Any updates on this issue? I'm also having problems, specifically in formatters.py line 85 where the same map
with str
is done:
_row = map(str, _row)
This is a more widespread issue in clint with the handling of strings - particularly with regard to unicode strings. Some methods work on unicode strings and others fail . We need to go through with a fine toothcomb and try and work out a suitable way to fix it.
This is a more widespread issue in clint with the handling of strings - particularly with regard to unicode strings. Some methods work on unicode strings and others fail . We need to go through with a fine toothcomb and try and work out a suitable way to fix it.

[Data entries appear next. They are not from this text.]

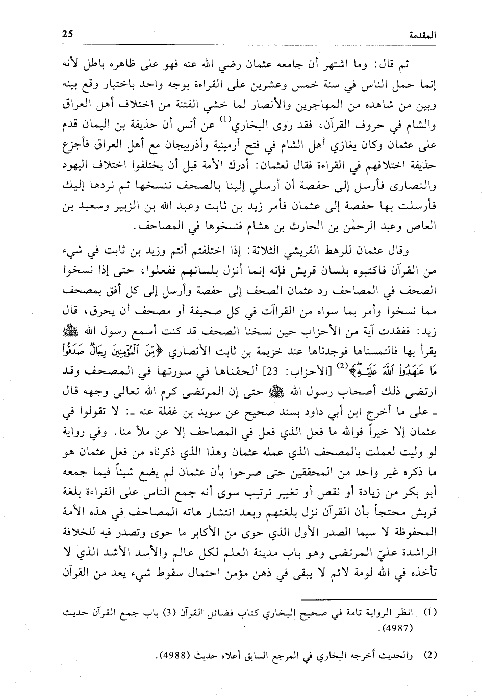 وقال عثمان للرهط القريشي الثلاثة: إذا اختلفتم أنتم وزيد بن ثابت في شيء من القرآن فاكتبوه بلسان قريش فإنه إنما أنزل بلسانهم ففعلوا، حتى إذا نسخوا الصحف في المصاحف رد عثمان الصحف إلى حفصة وأرسل إلى كل أفق بمصحف مما نسخوا وأمر بما سواه من القراآت في كل صحيفة أو مصحف أن يحرق، قال زيد: ففقدت آية من الأحزاب حين نسخنا الصحف قد كنت أسمع رسول الله - صلى الله عليه وسلم - يقرأ بها فالتمسناها فوجدناها عند خزيمة بن ثابت الأنصاري {مِنَ الْمُؤْمِنِينَ رِجَالٌ صَدَقُوا مَا عَاهَدُوا اللَّهَ عَلَيْهِ} [الأحزاب: 23] ألحقناها في سورتها في المصحف وقد ارتضى ذلك أصحاب رسول الله - صلى الله عليه وسلم - حتى إن المرتضى كرم الله تعالى وجهه قال - على ما أخرج ابن أبي داود بسند صحيح عن سويد بن غفلة عنه -: لا تقولوا في عثمان إلا خيراً فوالله ما فعل الذي فعل في المصاحف إلا عن ملأ منا. وفي رواية لو وليت لعملت بالمصحف الذي عمله عثمان وهذا الذي ذكرناه من فعل عثمان هو ما ذكره غير واحد من المحققين حتى صرحوا بأن عثمان لم يضع شيئاً فيما جمعه أبو بكر من زيادة أو نقص أو تغيير ترتيب سوى أنه جمع الناس على القراءة بلغة قريش محتجاً بأن القرآن نزل بلغتهم وبعد انتشار هاته المصاحف في هذه الأمة المحفوظة لا سيما الصدر الأول الذي حوى من الأكابر ما حوى وتصدر فيه للخلافة الراشدة عليّ المرتضى وهو باب مدينة العلم لكل عالم والأسد الأشد الذي لا تأخذه في الله لومة لائم لا يبقى في ذهن مؤمن احتمال سقوط شيء يعد من القرآن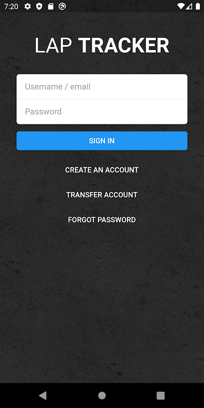 Jika Anda menggunakan Lap Tracker versi lama, Anda perlu mentransfer akun Anda. Alih-alih masuk atau mendaftar akun baru, klik akun transfer dan masuk dengan alamat email dan kata sandi akun lama Anda. Semua kendaraan dan hari lintasan Anda akan disalin ke aplikasi baru.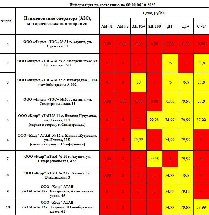 Уважаемые алуштинцы! Важная информация о наличии топлива в нашем муниципалитете по состоянию на 08:00 06.10.2025.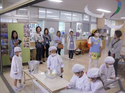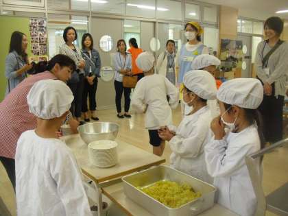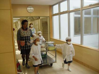 本日、「1年保護者給食試食会」を開催しました。最初に子どもたちの配膳の様子を参観していただきました。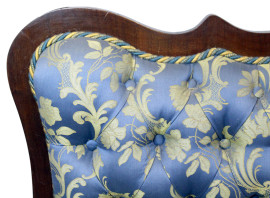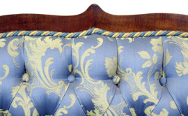 Testata da letto matrimoniale, XIX secolo, lavorazione capitonné, rivestita in tappezzeria azzurra con dettagli dorati, cm h 109,5x188, (segni del tempo).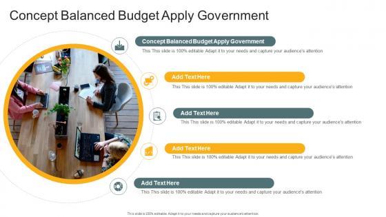Introducing our well designed Concept Balanced Budget Apply Government In Powerpoint And Google Slides Cpb. This PowerPoint design presents information on topics like Concept Balanced Budget Apply Government. As it is predesigned it helps boost your confidence level. It also makes you a better presenter because of its high quality content and graphics. This PPT layout can be downloaded and used in different formats like PDF, PNG, and JPG. Not only this, it is available in both Standard Screen and Widescreen aspect ratios for your convenience. Therefore, click on the download button now to persuade and impress your audience. Our Concept Balanced Budget Apply Government In Powerpoint And Google Slides Cpb are topically designed to provide an attractive backdrop to any subject. Use them to look like a presentation pro.

Yeah, I was just thinking about the best solution for this. Had several issues with implicit decoding using ascii, as well as other problems with explicit decoding using utf8 (which was the wrong encoding for the bytes I was giving.) I think the nicest solution would be to store all strings as strings internally, and only encode to bytes when outputting to the system. It would also be nice to be able to select a replace error handler, so that unicode strings can be outputted in consoles that do not support an encoding which can represent all the needed characters (windows, I'm looking at you.) I can take a crack at it, if we think that storing everything as strings internally is the right answer.
Any progress on this? :-)
Running the unicode through colored
works just fine (if that's an okay work around for anyone right now): puts(colored.red(u'äöü'))

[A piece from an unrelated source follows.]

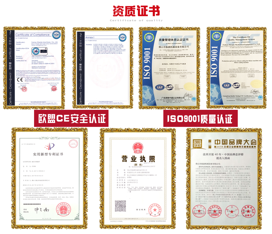 佛山市振嘉機(jī)械設(shè)備有限公司銷售熱線0757-85560891轉(zhuǎn)815(13318387046馬小姐),是一家專業(yè)從事高周波機(jī)、高頻機(jī)、吸塑包裝機(jī),全自動(dòng)高頻機(jī)、超聲波焊接機(jī)、自動(dòng)化高周波機(jī)研發(fā)、制造、銷售、售后為一體的知名生產(chǎn)廠家,我司是一家從事機(jī)械行業(yè)有十幾年的老品牌,注冊(cè)的商標(biāo)為“振嘉”,高周波設(shè)備遠(yuǎn)銷東南亞、中東、歐美、尼泊爾等國家及地區(qū),先后在中國佛山、中山、重慶、武漢等城市,設(shè)立了銷售部及技術(shù)服務(wù)部,,并在全國各地有專業(yè)的維修合作商,能夠更好的服務(wù)全國各地的客戶,配套設(shè)有產(chǎn)品展示廳,模具廠房(如:高周波模具,吸塑電木模,超聲波模具),技術(shù)工程師等以滿足用戶售前打板等,售后上門維修高周波機(jī)等服務(wù),我司的機(jī)器通過歐盟CE出口質(zhì)量認(rèn)證(見下圖),歡迎咨詢和洽談。

Yes, gazpachoking I agree that all strings should internally stored as unicode strings, and decoding should occur only when they are being output to a stream. It is a very annoying thing. Why is there no progress on this issue? Is there some workaround other than coloring the text?
+1, this is a pretty shitty bug, ran into this while porting an app from Py2 to Py3. Blahh..
puts() should have safe unicode handling, and I suggest that there should also be a colored.default() that uses the default terminal font.
@philadams puts(colored.red(u'äöü'))
is still not working on python2 windows with non-unicode encoding :-(.
@pevik - it seems like clint is abandoned, I switched to using the 'click' project instead, which has this issue fixed.